设D(G)为图的度对角矩阵,A(G)为图的领接矩阵,则C = D ( G ) − A ( G ) 的任意一个余子式的值即为图G的生成树个数。C也成为拉式矩阵。分析得,拉式矩阵的对角线上的元素为相邻矩阵对应行上所有元素的求和,其他为相邻矩阵的相反数。得到拉式矩阵后,再取第一行第一列的余子式,也就是去除第一行和第一列的行列式。

求行列式,可以采用定义法,按第一行展开,得到的n个代数余子式,同样也是求行列式,再按照其第一行展开,一直递归到只剩一行时结束,即可算出行列式。这里使用了numpy中的函数实现。

def cal_tree(l: list) -> int:
    m = []
    for i in range(1, len(l)):
        t = []
        for j in range(1, len(l)):
            if i == j:
                t.append(sum(l[i]))
            else:
                t.append(-l[i][j])
        m.append(t)
    return int(round(np.linalg.det(np.array(m)), 0))

方法二:

可以去除关联矩阵中的任意一行,得到一个n-1行m列的矩阵,再在m条边中选择n-1条,组成一个新矩阵,计算该矩阵是否满秩,即计算行列式是否为0,如果不为0,则包含一个生成树。

def cal_tree(l: list) -> int:
    x = list(itertools.combinations(range(len(l)), len(l[0]) - 1))
    n = 0
    for each in x:
        matrix = [l[i][1:] for i in each]
        if np.linalg.det(matrix) != 0:
            n += 1
    return n

3. 输出一颗树的相邻矩阵和关联矩阵

利用上一题的方法二,取出其中的一个结果,其中从m中选出的n-1列就是选出的树枝。

对于排列组合,可以采用二进制枚举,从1 ~ 2n+1-1判断二进制数中有多少个1,如果符合需要组合的个数,则储存起来,其中1表示被选中,0表示不被选中。这里使用了itertools中的combination函数实现。

def tree(l: list) -> tuple:
    x = list(itertools.combinations(range(len(l)), len(l[0]) - 1))
    rep = []
    for each in x:
        matrix = [l[i][1:] for i in each]
        if np.linalg.det(matrix) != 0:
            rep = each
            break
    xianglin = [[0] * len(l[0]) for _ in range(len(l[0]))]
    guanlian = [l[i] for i in rep]
    # 根据关联矩阵计算相邻矩阵
    for i in guanlian:
        e = [j for j in range(len(i)) if i[j] == 1]
        xianglin[e[0]][e[1]], xianglin[e[1]][e[0]] = 1, 1
    return xianglin, guanlian, rep

输出:

x, y, bian = tree(g)
print("===>生成树的相邻矩阵")
print("   ", end="")
[print('v' + str(i), end="\t") for i in range(len(x))]
print()
for i in range(len(x)):
    print("v" + str(i), end="  ")
    for j in range(len(x)):
        print(x[j][i], end="\t")
    print()

print("===>生成树关联矩阵")
print("   ", end="")
[print('e' + str(i), end=" ") for i in bian]
print()
for i in range(len(y[0])):
    print("v" + str(i), end="  ")
    for j in range(len(y)):
        print(y[j][i], end="  ")
    print()

4. 求生成树对应的基本回路系统

根据生成树的边,可以求出该生成树对应的弦,再根据每根弦的两个顶点,在生成树找到两个顶点的一条通路,加上这条弦,构成一条回路,于是可以求出基本回路系统。
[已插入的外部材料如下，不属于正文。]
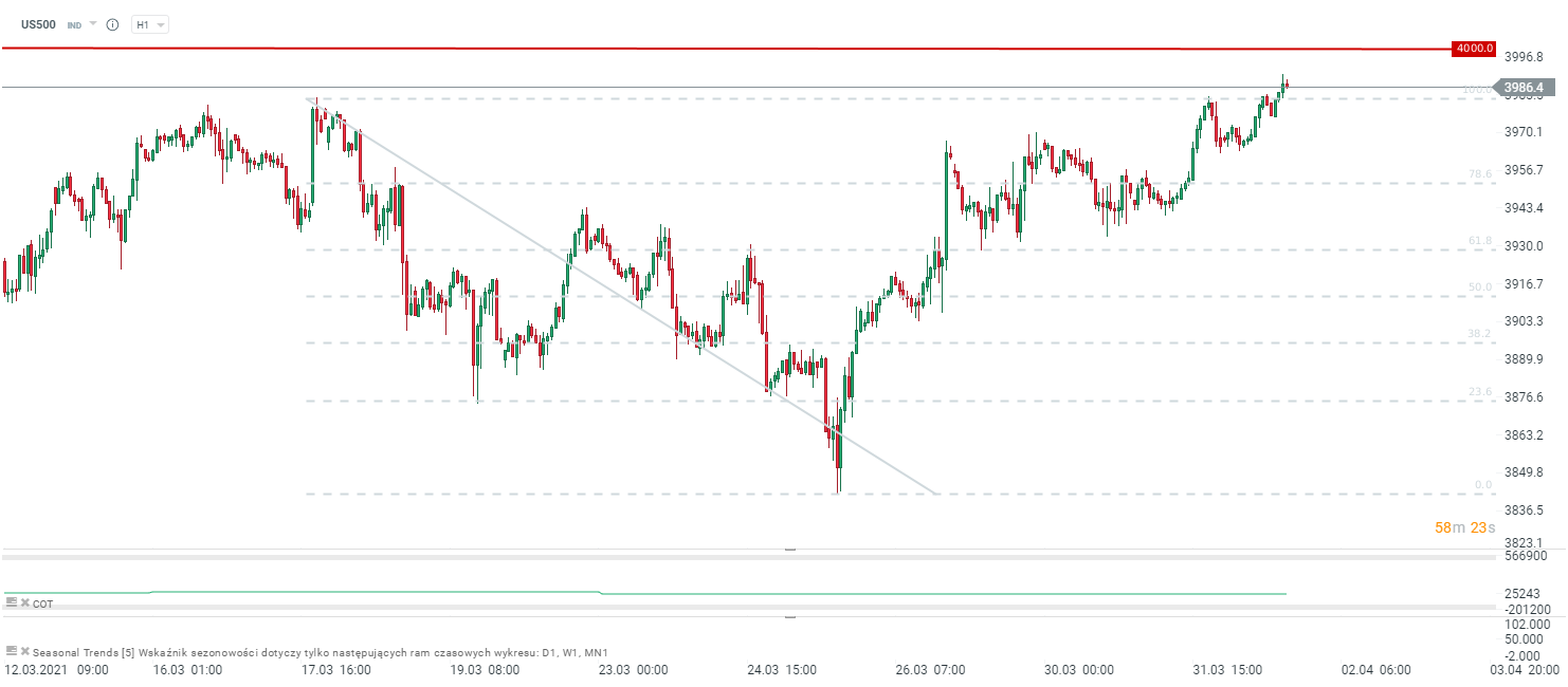Przy tym wszystkim przed publikacją indeks kasowy S&P 500 zaliczył poziom 4000 punktów pierwszy raz w historii. W przypadku kontraktu na ten poziom musimy jeszcze poczekać.

寻找通路时,采用了BFS宽度优先搜索,以生成树中的一个顶点为根节点,搜索时保存其子节点,最后再根据保存的字节点,为每个字节点的父节点赋值。根据另一个点,向回找到根节点即为一条回路。

class Node:
    def __init__(self, num, pre=None):
        self.pre = pre
        self.num = num
        self.succed = []


def bfs_loop(matrix: list, start: int, end: int):
    points = [Node(i) for i in range(len(matrix))]
    visited = [False] * len(matrix)
    visited[start] = True
    queue = [start]
    # bfs搜索
    while queue:
        now = queue.pop(0)
        if now == end:
            break
        for i in range(len(matrix)):
            if matrix[now][i] == 1 and visited[i] == False:
                points[now].succed.append(points[i])
                queue.append(i)
                visited[i] = True
    # 为所有字节点的pre赋值,方便找到父节点
    for each in points:
        for i in each.succed:
            i.pre = each
    e = [end]
    # 从端点向回找,找到根节点结束
    while points[end].pre:
        end = points[end].pre.num
        e.insert(0, end)
    return e


def loop(tree: list, guanlian: list, bian: list):
    xian = list(set(range(len(guanlian))) - set(bian))
    loops = []
    # 计算每条弦的回路中的点
    for each in xian:
        e = [i for i in range(len(guanlian[0])) if guanlian[each][i] == 1]
        x = bfs_loop(tree, e[0], e[1])
        x.append(e[0])
        loops.append(x)
    rep = []
    # 根据回路中的点求出对应的边
    for each in loops:
        n = 1
        x = []
        while n < len(each):
            t = [0] * len(guanlian[0])
            t[each[n - 1]], t[each[n]] = 1, 1
            for i in range(len(guanlian)):
                if guanlian[i] == t:
                    x.append('e' + str(i))
                    break
            n += 1
        rep.append(x)
    return rep

5. 求此生成树对应的基本割集系统

可以对每一条树枝,先删除这条树枝,再以此加入弦,如果加入弦之后,图连通,则该弦应该再这条树枝生成的割集中,否则不在。判断连通,可以通过图的相邻矩阵进行bfs搜索,如果全部节点都被访问过的话,则为连通的。也可以使用实验一的方法。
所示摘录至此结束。